Will downloading make you smart and happy?

by Dr. Steve Wright

For some time now, people have been talking about – at some point in the future – downloading information directly to your brain. (Check out the interesting twists on this idea by scientist/inventor Ray Kurzweil and science fiction writer John C. Wright.) Apparently a crude form in the opposite direction is already possible: controlling a computer with your thoughts (See the Berlin Brain-Computer Interface). This means you could control devices that can be controlled by computers, including a computer somewhere on the internet (which means the device could be attached to your body, or halfway around the world).

Related: video of a monkey controlling a robotic arm.

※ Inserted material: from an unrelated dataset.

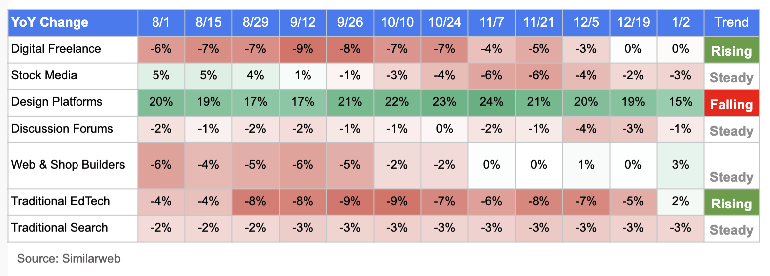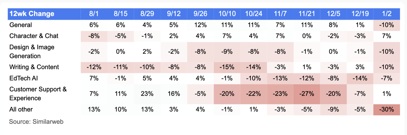 第二,合作红海/增加乏力赛道:通用AI、图像生成、写做东西、从动化东西增加放缓或下滑,

Coming back to the first issue (downloading information), to my knowledge we have to be content for now to download the old-fashioned way. But if you think about it, this just keeps getting better, sometimes by leaps and bounds. Google’s better search algorithm was an obvious advance. Google made it even easier than previous search engines to find exactly what you want, even some very obscure bit of information. We have more knowledge at our fingertips than ever before in history. In that sense we’re smarter than we’ve ever been. It’s a bit of a stretch to compare this to intelligence, but you could say everyone who knows how to search on the Internet has a sort of genius-level knowledge base. I thought about calling this your “Google Quotient,” but I found out the phrase was already being used to mean something else. (I googled it!)

As more complete, better-quality, and more specialized information gets put on the Internet, that knowledge base available to you just keeps improving.

I sometimes read a blog written by Scott Adams, who does the Dilbert cartoon. He’s a smart guy, and often raises interesting issues. A few days ago he mentioned again that he’d been suffering from a mysterious voice problem that baffled his doctors.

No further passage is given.